According to the Data Warehousing Institute, American businesses lose six hundred billion dollars annually as a result of poor data quality. While more and more companies realize that data needs to be an important corporate asset, many question the following:
- Who is responsible for all of the data?
- What problems exist with the data?
- What requirements need to be in place for quality to be at its best?
- Can a return on investment be quantified in such a case?

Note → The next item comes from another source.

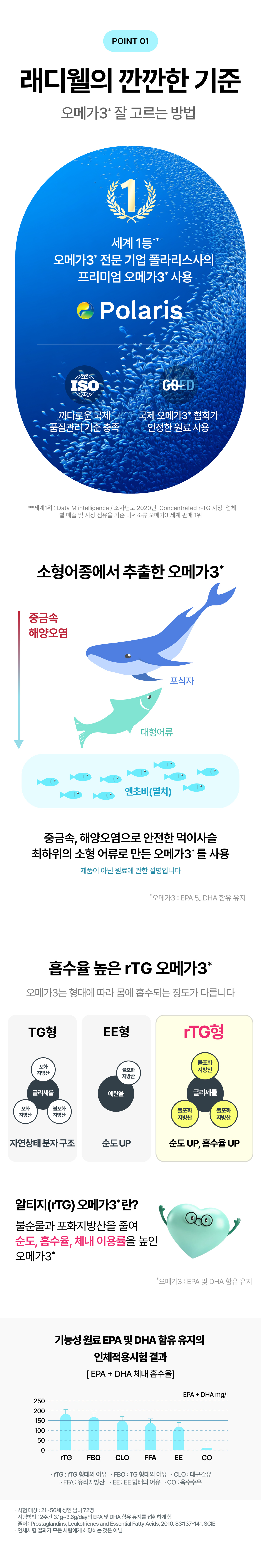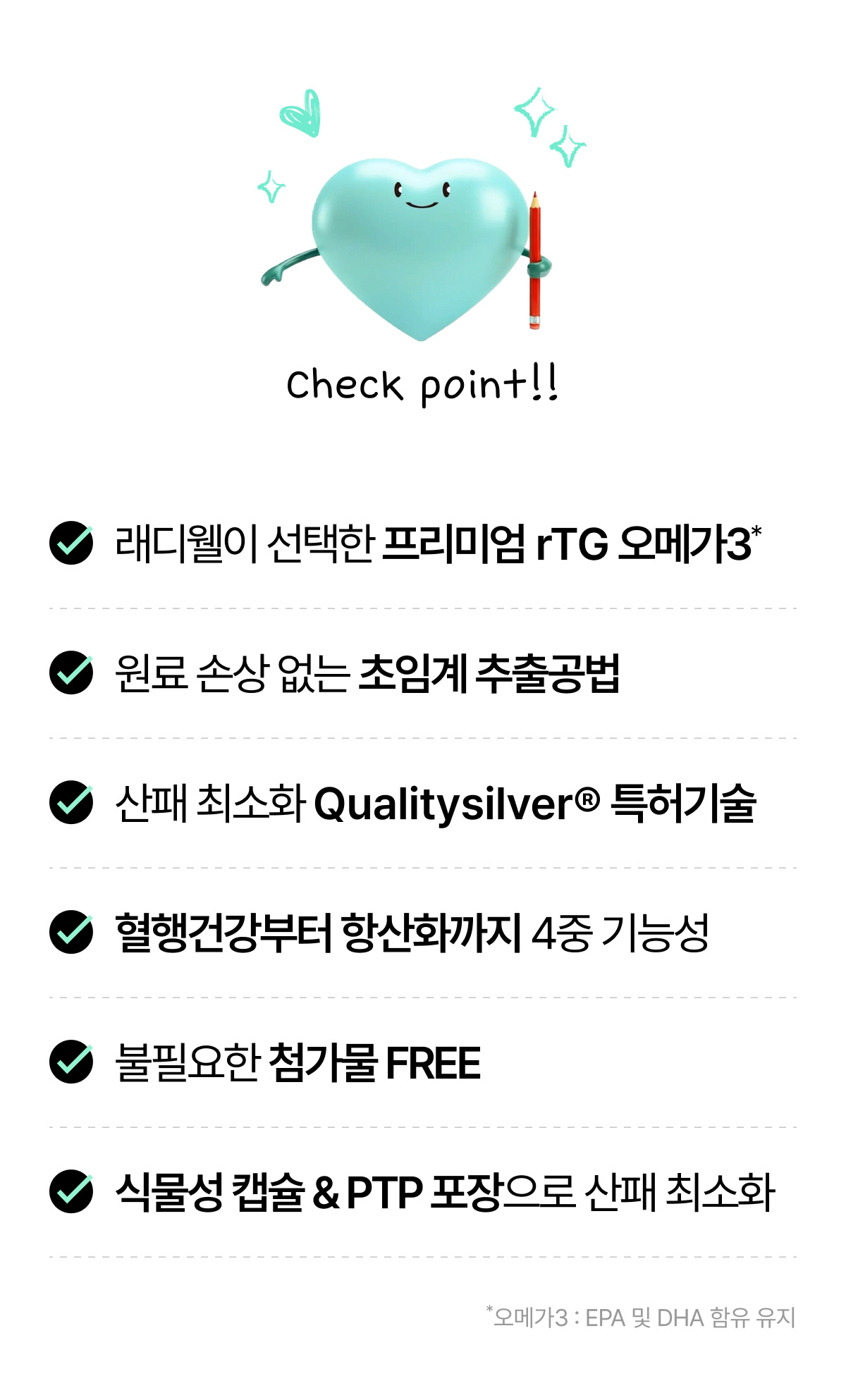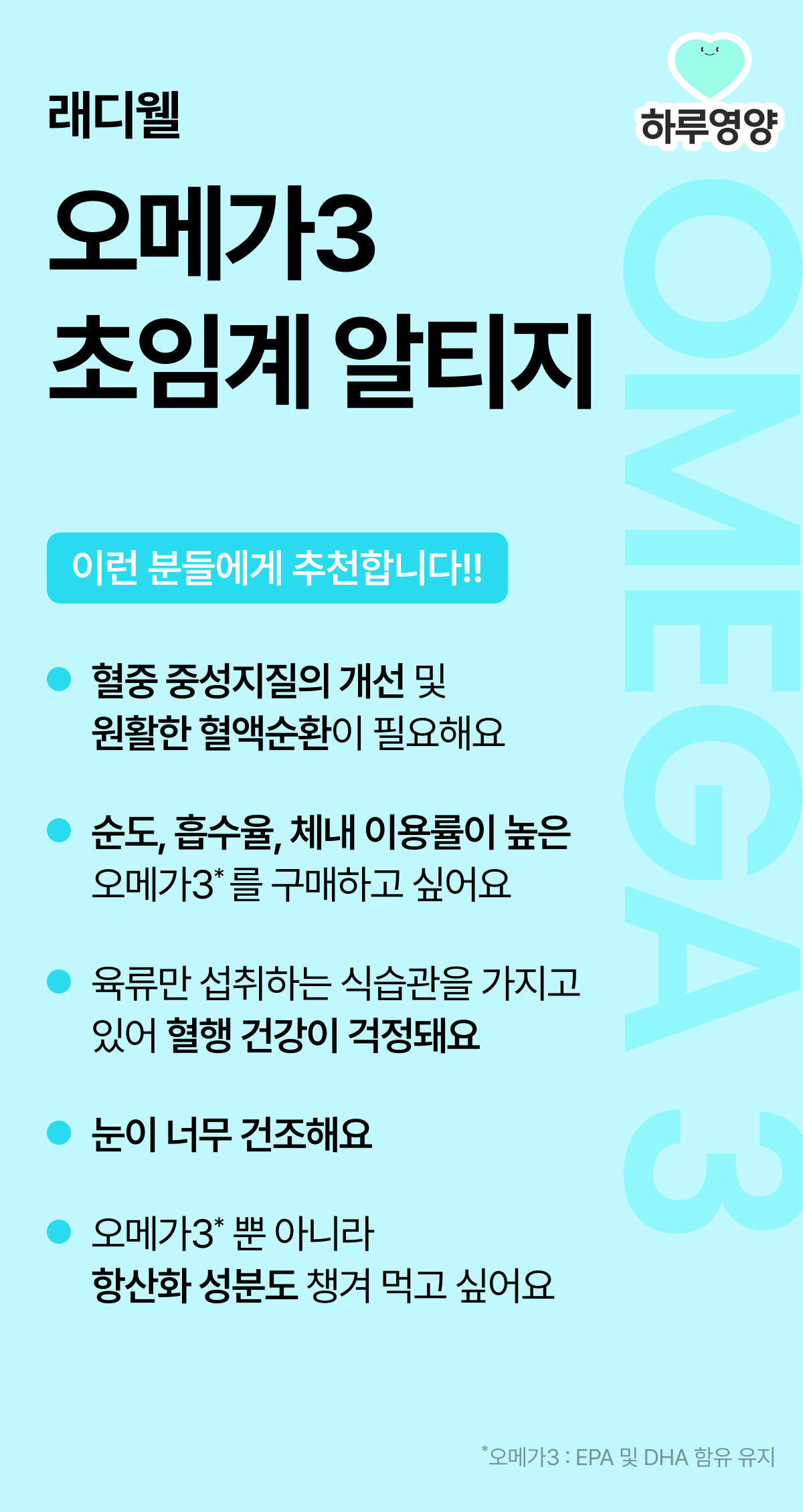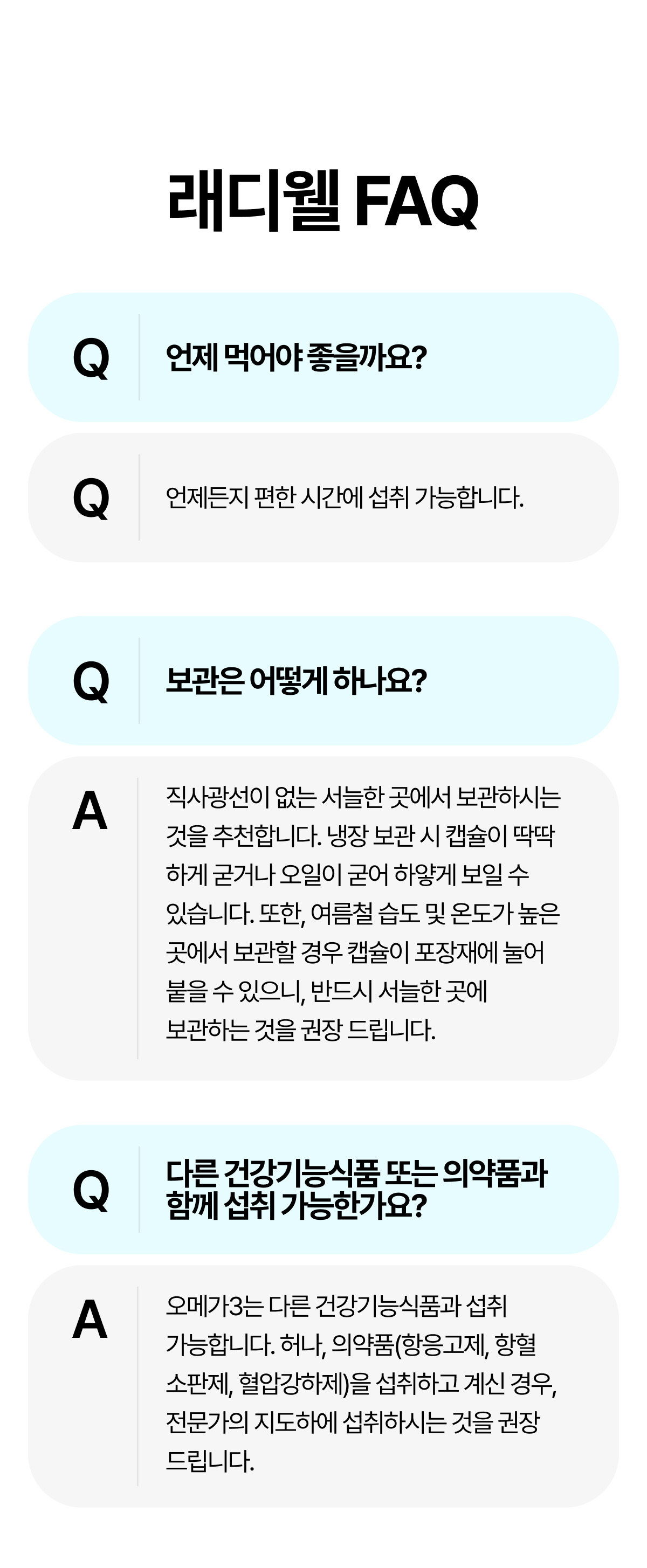 오메가3는 꾸준하게 먹어야 하다 보니 잘 골라야하는데 프로바이오틱스 전문 브랜드인 래디웰에서 나온 제품으로 골라봤어요. 믿을수 있는 브랜드였거든요.

This is where Data Quality Management (DQM) comes into play. The goal of DQM is to establish roles, responsibilities, policies and processes to attack data quality issues. Cooperation and discipline is essential. It is important that everyone recognizes problems with the data and participates in determining a solution. Specifically, the IT department plays a major part in DQM, for they are in charge of the overall environment of the architecture, systems, databases, etc. Once problems are recognized and everyone’s on board, standards can be set. If you’re goal is to have a perfect database, you’ve set your expectations too high. We must all realize there is no such thing as a perfect, “spot-less” database. Data quality is a balance between accuracy and completeness. It is impossible to have data that is 100% accurate and 100% complete. We often find that we must sacrifice one or the other. Depending on the data’s value, one can make the decision to keep a record with an error or toss it.
Managing data quality is a continuous process that needs to be re-visited frequently. It is important to update your data in a real-time fashion. If you’re worried about the costs of managing your data, you shouldn’t be. Quality is free; it is the “unquality” that costs money.